In a cloud-first world, leverage the scalability, availability, security and out-of-box features provided by SaaS and PaaS solutions, and adopting a serverless and event-based architecture in a pay-per-use model are key components to consider for any integration scenario, allowing us to focus on our business solutions instead of creating the software stack needed to implement it.

11 thoughts on “Dynamics 365 FinOps: Batch import automation with Azure Functions, Business Events and PowerBI

  1. Great stuff Fabio!

    A small spelling mistake:
    In this post I’ll describe how to use Data Package API, Business Events and Azure Functions to build an event-based package import process automation.

    Could you elaborate a bit on your comment:
    But a key difference made me choose Azure Functions for this particular task: its event-based triggers, while Logic Apps works with polling-based triggers.

    From my understanding, you should be able to get a real time event based implementation from Blob inserts via Event Grid, so that you don’t have to implement a polling pattern in your Logic App. I acknowledge that there are other factors in your design that gains from being in an Azure Function vs. Logic App, but I feel that the comment about Logic App being a polling pattern is a bit simplistic.
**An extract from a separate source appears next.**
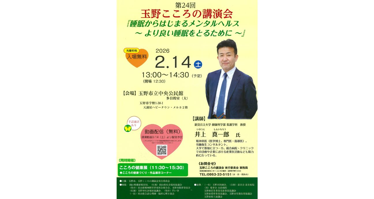 玉野こころの講演会『睡眠からはじまるメンタルヘルス~より良い睡眠をとるために~』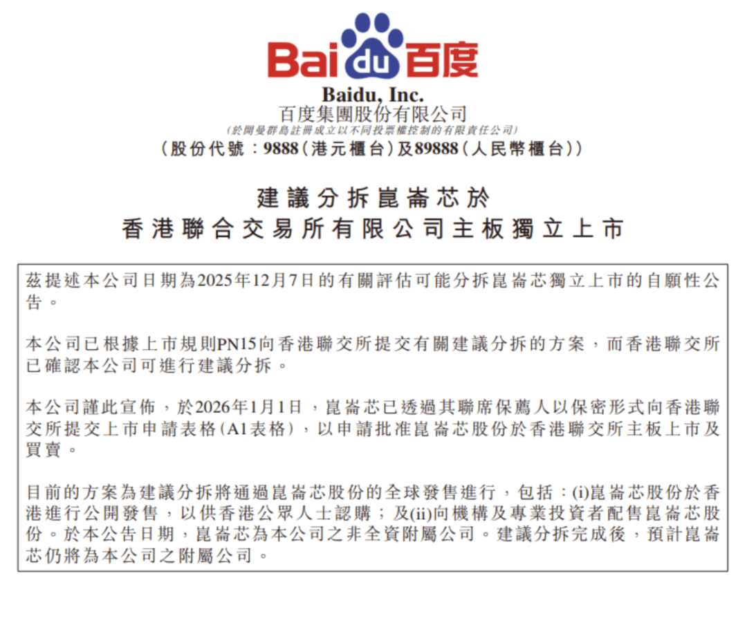 百度集团对外发布公告称,旗下昆仑芯已正式启动赴港上市进程。根据公告内容,昆仑芯通过其联席保荐人,以保密方式向香港联合交易所递交了A1上市申请表格,申请将其股份在香港联交所主板挂牌交易。

    From the Storage Account you can actually configure a new Logic App via a wizard styled guide, where you configure the Storage Account connection and the Event Grid event, and then you will have an empty Logic App to start working from.

    Liked by 1 person

    1. Thanks Mötz, typo fixed. About the Logic Apps, yes, you’re right. There are many ways to design it and using Event Grid is one of them. But the comparison was between LA and Functions only, without add any additional tool in the picture. As the focus of the article is automate the DMF import process, I’ve tried to simplify the steps before (and after) as much as possible. I had Event Grid, Service Bus, LA and Cosmos DB as part of the initial end-to-end solution, but the article was getting way too long and boring.

      Maybe on next posts I can try to explore other specific scenarios… And, I must admit, my opinion is biased in favour of Functions as I love coding more than drag-n-drop boxes. 🙂

      Liked by 1 person

  2. I know all to well the struggle to keep things simple and easy, while exploring the options. I just wanted you make sure that your readers didn’t get a feeling that Logic App is a lesser tool, only supporting a polling pattern. If they read the post, we can hope they read the comments and that way learn what other options they have.

    You should challenge yourself to blog about the other tools as well, to help your readers have a broader perspective and help them pick the right components. Even if you’re biased, and the post might conclude that the a Logic App isn’t the best fit, it will still prove valuable for the reader 😉


    1. That’s the point we probably disagree, Mötz. It’s not a wrong statement to say that Logic Apps by itself only supports a polling pattern. Unless you introduce Event Grid, adding extra costs and management effort that your client might not be willing to pay for.

      It’s also not a wrong statement to say it’s a lesser tool in several aspects comparing to Functions. It does offer a few advantages though, and it’s very common to have both in the same solution playing different roles. In the comparison I’ve mentioned the reasons why I chose Functions over LA for this case, not saying LA isn’t not valuable.

      There’s no perfect tool or perfect pattern, and I believe the post conclusion addresses exactly that point. I wish I had more time to post more cases, too many challenges in my day already… Hope the readers check the comments. Good stuff, mate. 🙂


  3. Hi Fabio, great article..why would you use this method over ” export scenarios using DMF and Business Events” you posted in another blog post?


  4. Hi Fabio, great post. Why would you use this method over “DMF and Business Events” blog post you referenced earlier?